ABOUT THIS TASK: Please write out exactly the lines from the one with "Emoto a montré" through the end of the data below, both ends included, and omit any pictures.

--- INPUT DATA ---

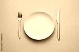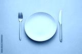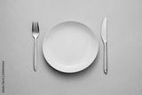 Clean empty white plate with knife and fork
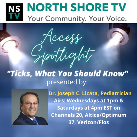 May is Lyme Disease Awareness Month – Check out “Access Spotlight: Ticks, What You Should Know” presented by Dr. Joseph C. Licata, Pediatrician, on Wednesdays at 1pm & Saturdays at 4pm EST, on NSTV Channels 20, Altice/Optimum and 37, Verizon/Fios, streaming from nstv.org.
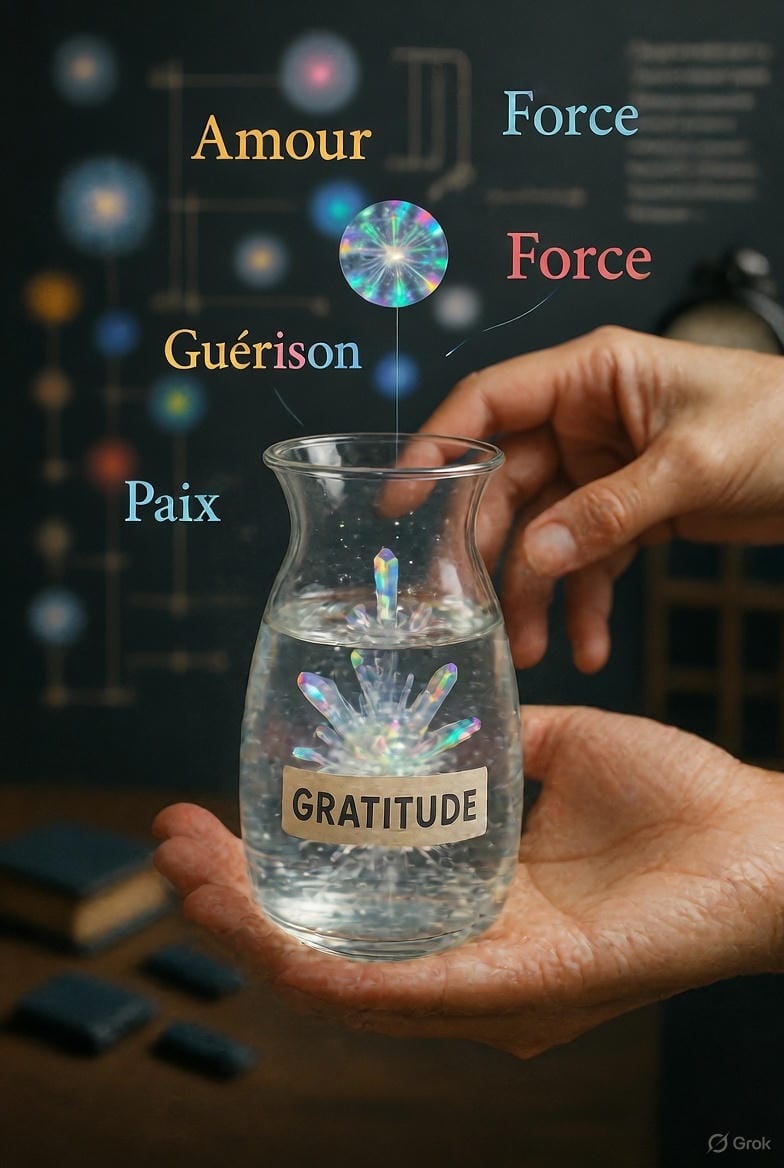 Emoto a montré que l'eau répond aux mots, aux images, aux intentions. Ce protocole utilise cette découverte de façon pratique. Vous allez "programmer" votre eau avant de la boire.
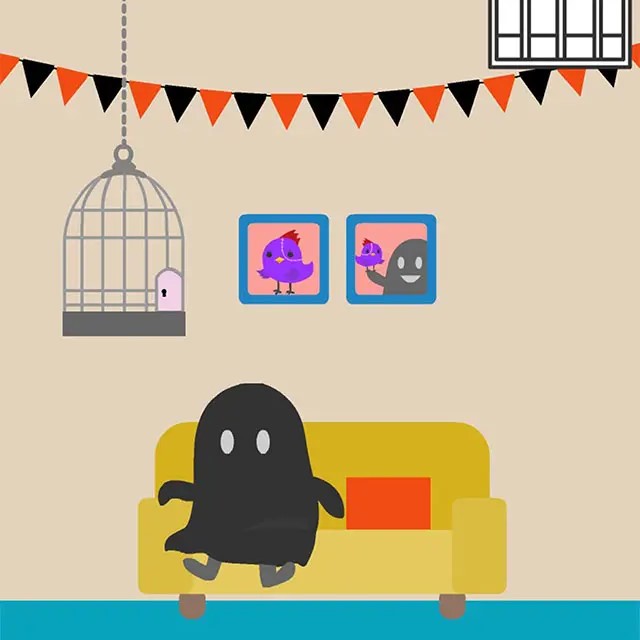 The house of a black ghost was properly decorated for Halloween and waiting for the children to come get candy and sweets. However, before the children arrived, dwarfs appeared from nowhere and invaded his house. Frustrating. To get rid of them, there is no other way than to kick them out. Your challenge is to help the homeowner locate these mischievous creatures and put them in cages for transport into the forest.
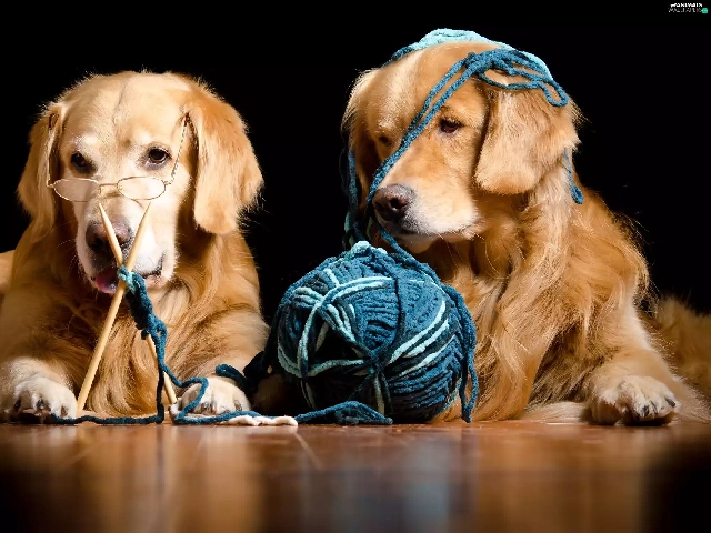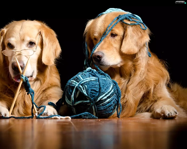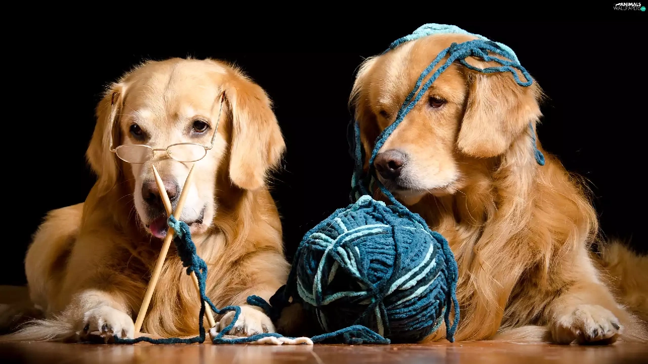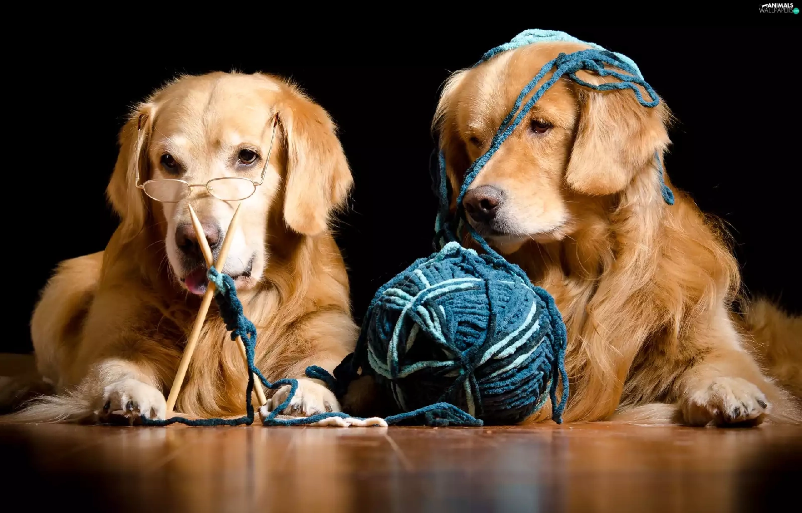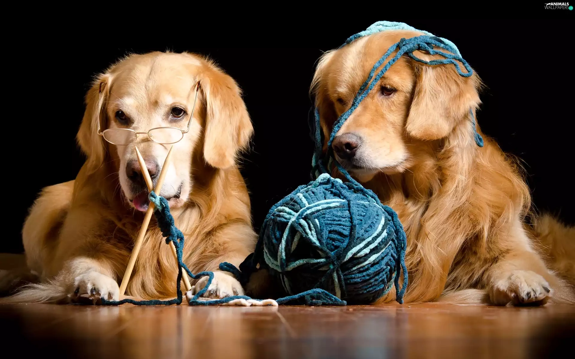 Glasses, drag, Dogs, Golden Retrievery, Two cars

---

EXERCISE RESPONSE:
 Emoto a montré que l'eau répond aux mots, aux images, aux intentions. Ce protocole utilise cette découverte de façon pratique. Vous allez "programmer" votre eau avant de la boire.
 The house of a black ghost was properly decorated for Halloween and waiting for the children to come get candy and sweets. However, before the children arrived, dwarfs appeared from nowhere and invaded his house. Frustrating. To get rid of them, there is no other way than to kick them out. Your challenge is to help the homeowner locate these mischievous creatures and put them in cages for transport into the forest.
 Glasses, drag, Dogs, Golden Retrievery, Two cars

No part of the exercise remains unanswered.